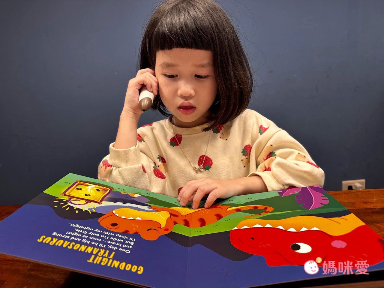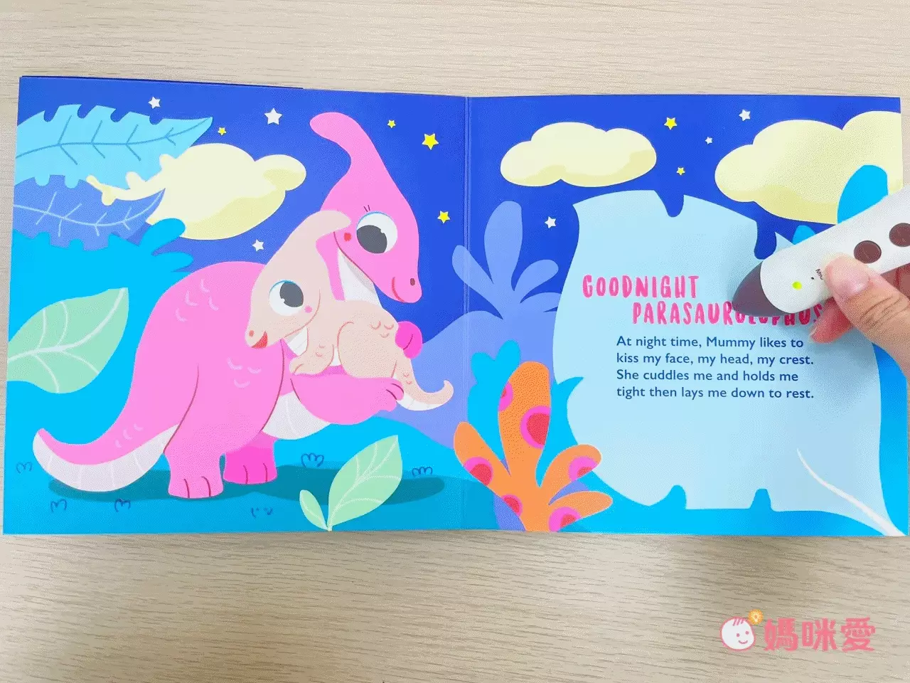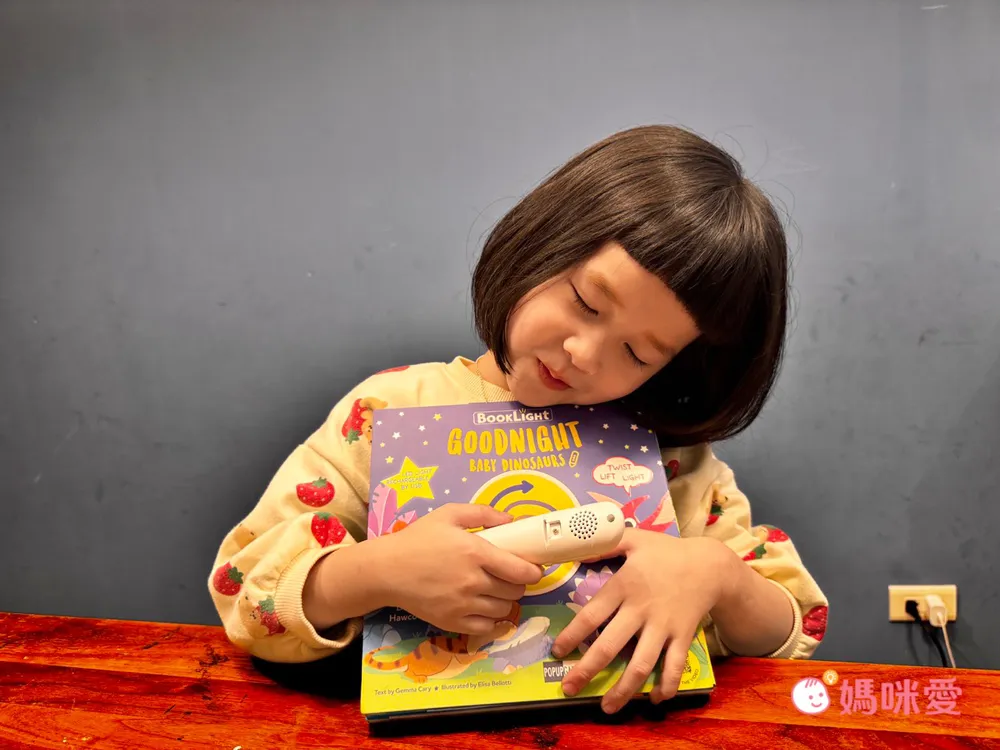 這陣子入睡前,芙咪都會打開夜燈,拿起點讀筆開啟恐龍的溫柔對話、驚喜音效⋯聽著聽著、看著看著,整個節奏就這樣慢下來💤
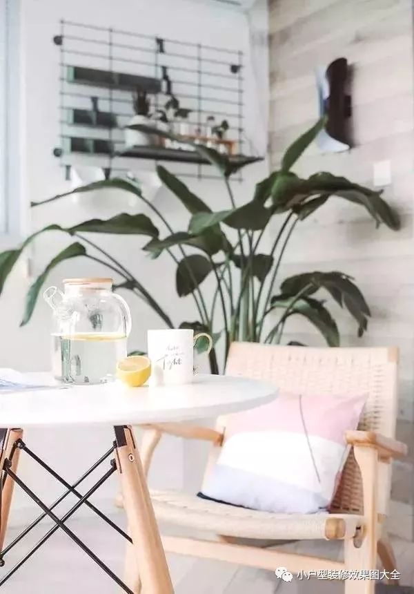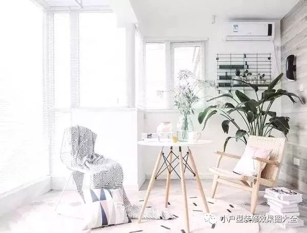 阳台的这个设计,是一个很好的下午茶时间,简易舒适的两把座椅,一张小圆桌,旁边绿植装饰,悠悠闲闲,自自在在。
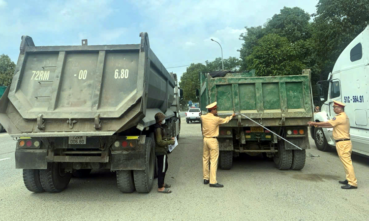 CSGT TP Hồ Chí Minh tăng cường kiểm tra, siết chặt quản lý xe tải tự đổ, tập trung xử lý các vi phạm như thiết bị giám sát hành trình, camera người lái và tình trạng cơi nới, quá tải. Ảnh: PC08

• • • • •

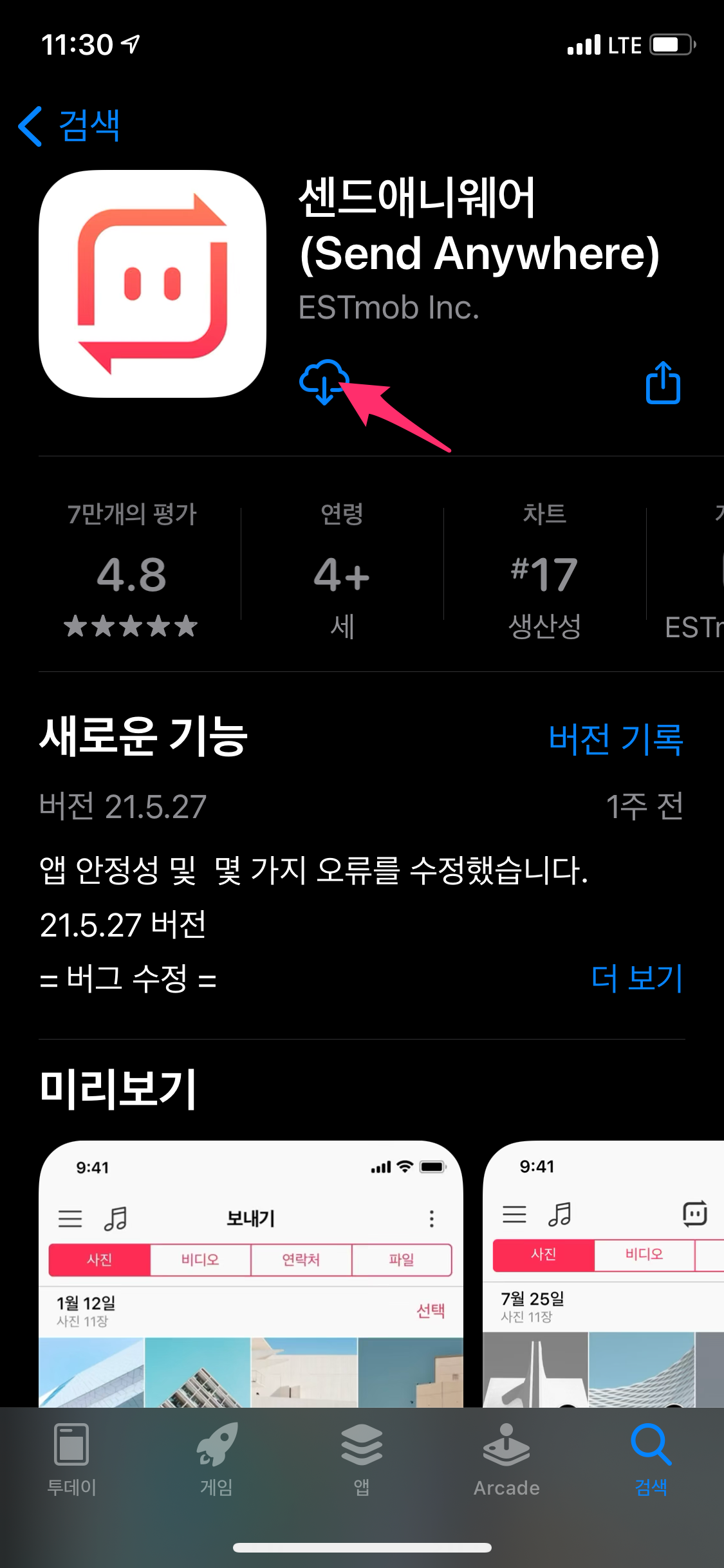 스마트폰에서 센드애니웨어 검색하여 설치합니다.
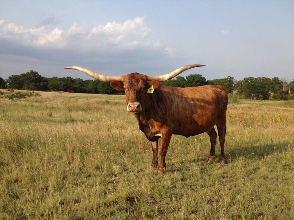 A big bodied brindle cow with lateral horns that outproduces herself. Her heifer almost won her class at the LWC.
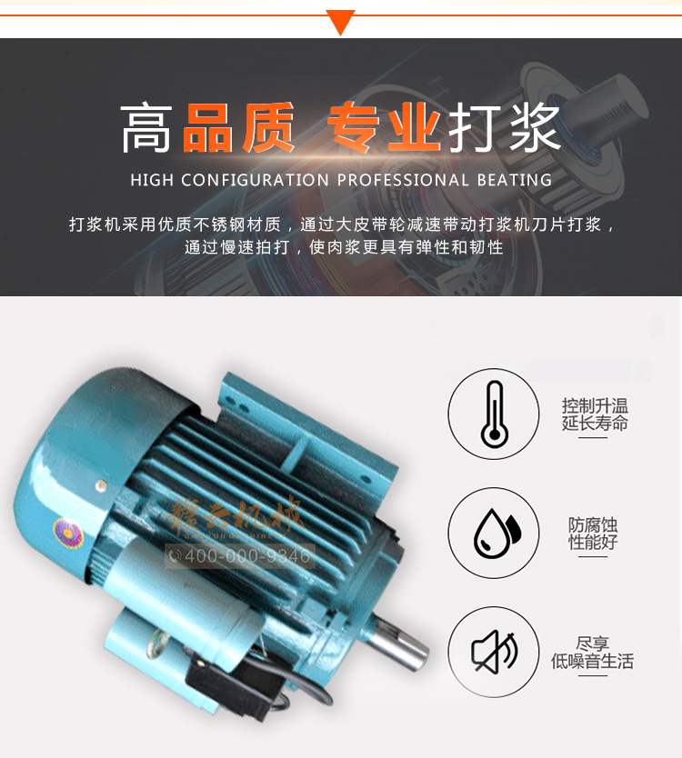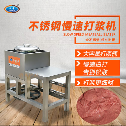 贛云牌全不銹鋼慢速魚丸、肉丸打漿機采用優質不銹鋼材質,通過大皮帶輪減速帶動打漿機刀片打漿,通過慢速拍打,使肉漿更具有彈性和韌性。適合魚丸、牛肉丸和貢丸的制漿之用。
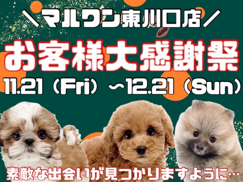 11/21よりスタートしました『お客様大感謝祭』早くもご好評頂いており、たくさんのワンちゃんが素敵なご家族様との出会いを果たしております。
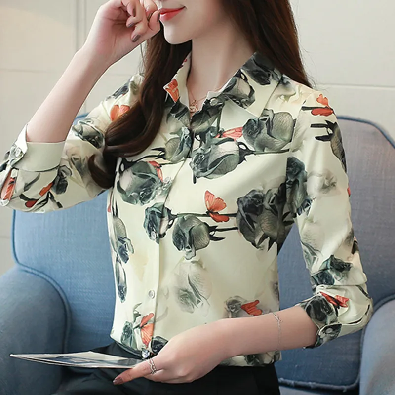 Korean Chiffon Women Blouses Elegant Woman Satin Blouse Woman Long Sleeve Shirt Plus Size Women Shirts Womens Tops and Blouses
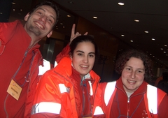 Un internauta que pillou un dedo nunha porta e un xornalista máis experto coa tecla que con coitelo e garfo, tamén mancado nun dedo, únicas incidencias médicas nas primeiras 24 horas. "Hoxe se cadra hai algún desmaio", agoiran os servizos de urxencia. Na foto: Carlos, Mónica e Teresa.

• • • • •

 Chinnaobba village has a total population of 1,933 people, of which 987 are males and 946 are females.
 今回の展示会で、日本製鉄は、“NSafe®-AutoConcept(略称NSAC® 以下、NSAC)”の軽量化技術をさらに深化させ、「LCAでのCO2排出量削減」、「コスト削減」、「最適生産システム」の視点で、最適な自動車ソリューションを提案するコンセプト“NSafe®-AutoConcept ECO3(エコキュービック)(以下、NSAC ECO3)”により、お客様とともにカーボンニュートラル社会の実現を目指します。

• • • • •

Instructions for the task: Although the records above contain pictures, the copy must not; set down exactly the lines from the one with "Korean Chiffon Women" up to and including the one with "Un internauta que".

Response box:
 Korean Chiffon Women Blouses Elegant Woman Satin Blouse Woman Long Sleeve Shirt Plus Size Women Shirts Womens Tops and Blouses
 Un internauta que pillou un dedo nunha porta e un xornalista máis experto coa tecla que con coitelo e garfo, tamén mancado nun dedo, únicas incidencias médicas nas primeiras 24 horas. "Hoxe se cadra hai algún desmaio", agoiran os servizos de urxencia. Na foto: Carlos, Mónica e Teresa.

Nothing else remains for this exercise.